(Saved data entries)
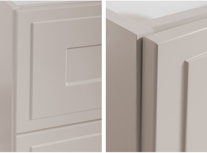 - čelá zásuviek zdobené frézovaným rámčekom,
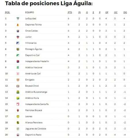 Tras haberse jugado todos los juegos correspondientes de la jornada que inició el pasado viernes 27 de julio en el estadio Metropolitano de Techo, de Bogotá, con el encuentro en el que La Equidad derrotó 2-0 a Jaguares y culminó ayer en el estadio Metropolitano de Itagüí donde Alianza se impuso por la mínima diferencia ante el local, Leones F.C.
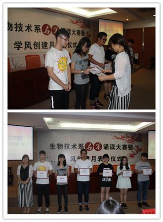 为进一步规范学生日常行为,强化纪律观念,促进优良学风的形成,生物技术系自5月26日起开展了“抓班风,促学风”为主题的学风创建月系列活动。该活动包括宣传动员、活动实施以及总结评比三个阶段,内容涉及读书节、学风座谈会、“诚信考试、拒绝作弊”主题教育活动及学风创建主题班会等。
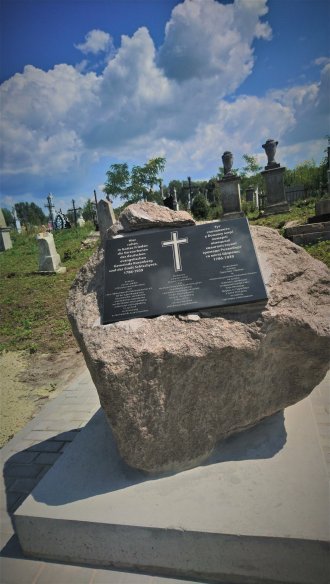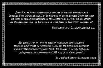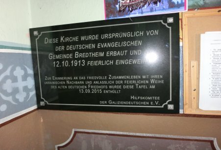 "Diese Kirche wurde ursprünglich von der deutschen ev. Gemeinde Bredtheim erbaut und am 12.10.1913 feierlich eingeweiht. Zur Erinnerung an das friedvolle Zusammenleben mit ihren ukrainischen Nachbarn und anläßlich der feierlichen Weihe des alten deutschen Friedhofs wurde diese Tafel am 13.09.2015 enthüllt. Hilfskomitee der Galiziendeutschen e.V." - Gleich daneben wurde dieselbe Steintafel mit dem ukrainischen Text angebracht.
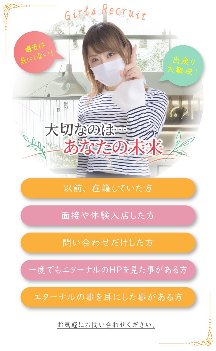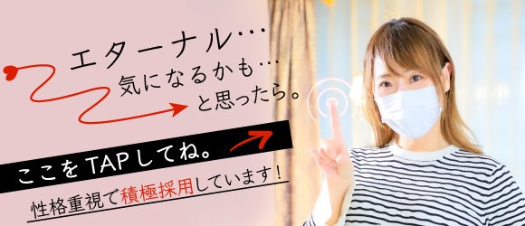 | A | エターナルでは、女性の知人バレを防ぐために、お仕事前の女性が、店内のお客様をモニターで確認できるようになっております。女性が安心して働いて頂ける様な環境づくりを徹底しております。 NETのお写真を全モザイクにする事も可能ですし、店内のパネルも顔隠しにすることが出来ます。 当店は知人バレ対策をされている女性も多く、お顔を出さないからといって、収入的に不利になる事もございませんのでご安心下さい。 中には「NET掲載無し」「写メ日記無し」といった対応をさせてさせて頂いている女性もいらっしゃいますので、面接の際ご相談下さい。 |
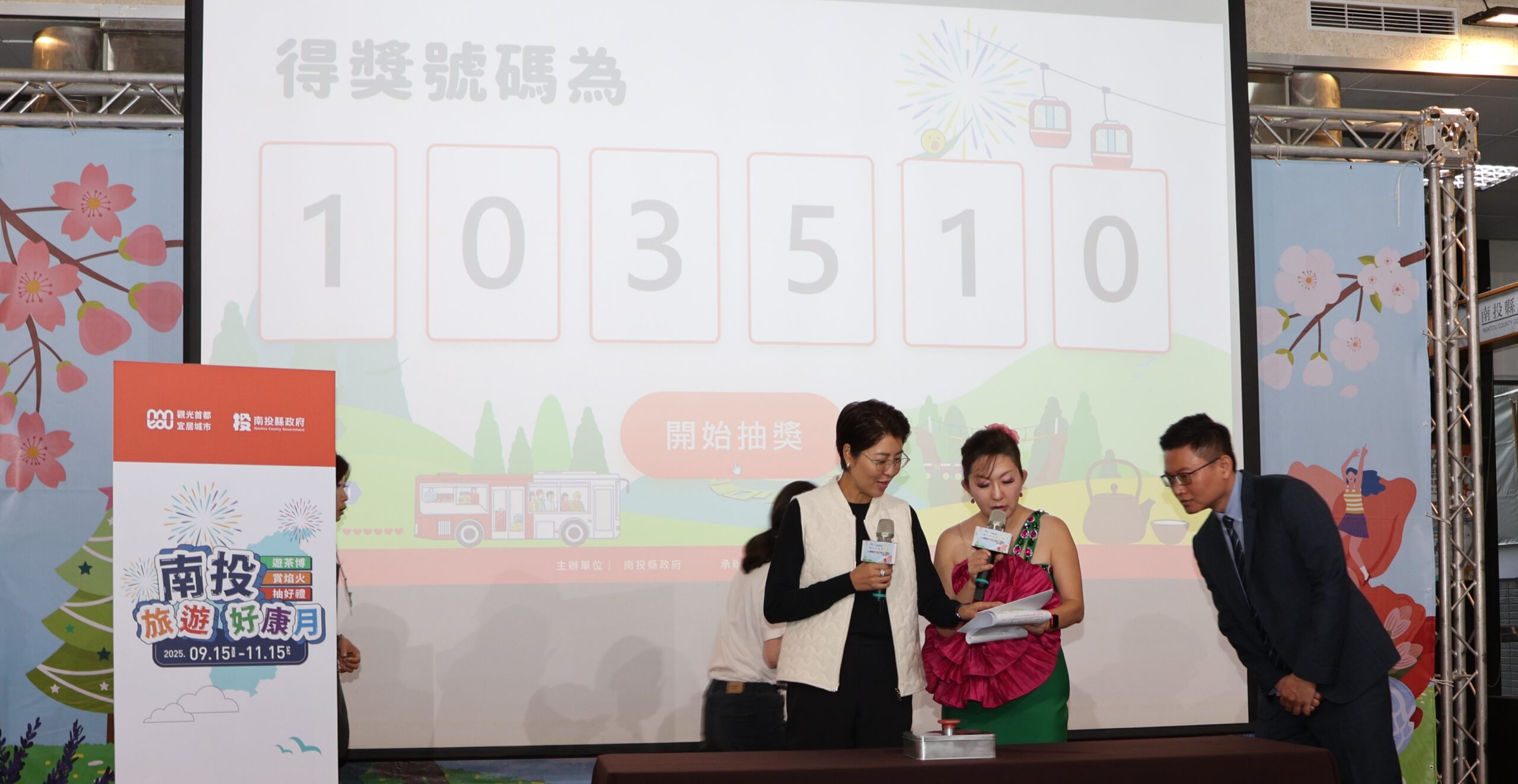 縣長許淑華主持,並抽出「南投旅遊好康月」最受矚目的壓軸大獎—特斯拉得主,由中興新村王小姐於十月底用餐消費650元抽中特等獎。

[Task prompt] Leave the pictures out and output all of the data verbatim.

[Solution]
 - čelá zásuviek zdobené frézovaným rámčekom,
 Tras haberse jugado todos los juegos correspondientes de la jornada que inició el pasado viernes 27 de julio en el estadio Metropolitano de Techo, de Bogotá, con el encuentro en el que La Equidad derrotó 2-0 a Jaguares y culminó ayer en el estadio Metropolitano de Itagüí donde Alianza se impuso por la mínima diferencia ante el local, Leones F.C.
 为进一步规范学生日常行为,强化纪律观念,促进优良学风的形成,生物技术系自5月26日起开展了“抓班风,促学风”为主题的学风创建月系列活动。该活动包括宣传动员、活动实施以及总结评比三个阶段,内容涉及读书节、学风座谈会、“诚信考试、拒绝作弊”主题教育活动及学风创建主题班会等。
 "Diese Kirche wurde ursprünglich von der deutschen ev. Gemeinde Bredtheim erbaut und am 12.10.1913 feierlich eingeweiht. Zur Erinnerung an das friedvolle Zusammenleben mit ihren ukrainischen Nachbarn und anläßlich der feierlichen Weihe des alten deutschen Friedhofs wurde diese Tafel am 13.09.2015 enthüllt. Hilfskomitee der Galiziendeutschen e.V." - Gleich daneben wurde dieselbe Steintafel mit dem ukrainischen Text angebracht.
 | A | エターナルでは、女性の知人バレを防ぐために、お仕事前の女性が、店内のお客様をモニターで確認できるようになっております。女性が安心して働いて頂ける様な環境づくりを徹底しております。 NETのお写真を全モザイクにする事も可能ですし、店内のパネルも顔隠しにすることが出来ます。 当店は知人バレ対策をされている女性も多く、お顔を出さないからといって、収入的に不利になる事もございませんのでご安心下さい。 中には「NET掲載無し」「写メ日記無し」といった対応をさせてさせて頂いている女性もいらっしゃいますので、面接の際ご相談下さい。 |
 縣長許淑華主持,並抽出「南投旅遊好康月」最受矚目的壓軸大獎—特斯拉得主,由中興新村王小姐於十月底用餐消費650元抽中特等獎。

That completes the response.